If a draft fails any check, edit or reject it. Do not let "mostly fine" messages through at scale. Small awkwardness becomes obvious when 100 prospects receive variations of the same weak pattern.
Iterate Prompts from Real Replies
Prompt improvement should come from replies, not from internal opinions. After each campaign batch, read the positive replies, the objections, and the ignores. Look for language prospects use naturally. That language is usually better than whatever the model invented.
If buyers keep asking "what does this actually do?", your prompt is too abstract. Add a rule requiring one concrete workflow. If buyers reply with "not relevant," your signal or ICP slot is too weak. If buyers say "send it over," your low-friction ask is working and you can test a slightly more specific follow-up.
Save the best human-edited drafts as examples. The next prompt version should include two or three examples of approved style and two examples of rejected style. Models learn the boundary faster when they can see what "good" and "bad" look like in your market.
Update rule: "Use buyer language from replies when available. Prefer words the prospect used over abstract product vocabulary."
For example, if three buyers describe the problem as "list cleanup" but your product profile says "autonomous lead qualification," prompt the model to use "list cleanup" in the opener. Buyer language lowers friction because the prospect does not need to translate your category into their daily workflow.
Keep one final prompt rule at the bottom of every template: "If this sounds like a marketing email, rewrite it as a short note from one operator to another." That single instruction often removes the glossy layer that makes AI outreach feel fake.
SOP: The Prompt Output Audit Checklist
Audit your campaign drafts using these steps:
- Step 1: Run a test batch of 10 drafts using your prompt templates.
- Step 2: Check copy for buzzwords and introductory transitions.
- Step 3: Verify that variable inputs are formatted in standard casing.
- Step 4: Route the approved prompts to Omentir's campaign builder.
- Step 5: Reject any draft that uses a guessed pain as if it were a verified fact.
- Step 6: Save the best human-edited examples and use them to improve the next prompt version.
Omentir automates variable updates, keeping your campaigns personalized and safe.

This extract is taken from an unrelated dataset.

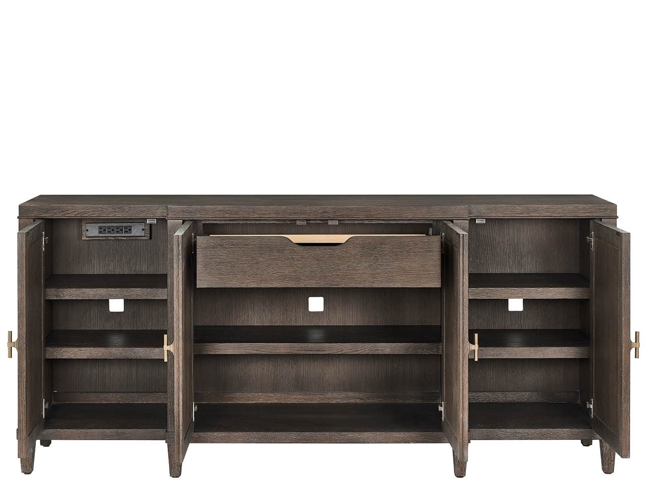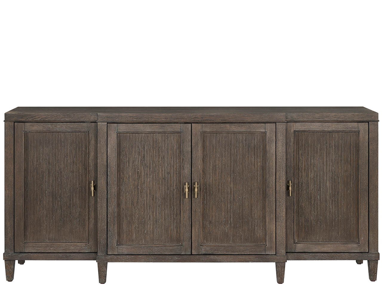 Montclair Cocoa Credenza (U508679)The Cocoa Credenza offers exceptional dining room storage with reeded door fronts that add textural dimension to clean aesthetic lines. This substantial piece features a felt-lined silverware tray, adjustable shelving, and integrated wire management with a power supply bar for modern functionality.MontclairCredenzas And ChestsDining RoomU508679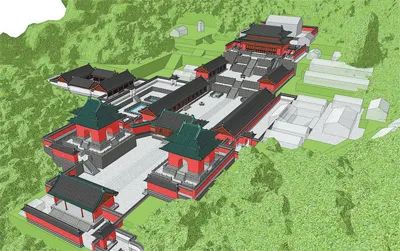 关于五龙宫的历史文献十分丰富,包括碑刻、绘画、文章及历代山志等。五龙宫考古团队及武汉大学复原团队仔细比对反映五龙宫空间格局的舆图,比较武当山现存明代建筑及全国现存的其他明代中早期皇家敕建建筑,对照中国古代建筑营造典籍,结合遗址出土的建筑及构件细节,最终完成三维建模。

Your job is to keep the prompt honest and the review standard high.
Prioritizing Relevance Over Mass Volume
Outbound campaigns do not require you to choose between quality and scale. By configuring prompt constraints and negative lists, you can write human-sounding copy for every prospect.
Omentir provides the variable management and safety controls to help you build a personalized, sustainable B2B sales pipeline. The best prompt is not the one that sounds clever; it is the one that helps a buyer immediately understand why the message belongs in their inbox.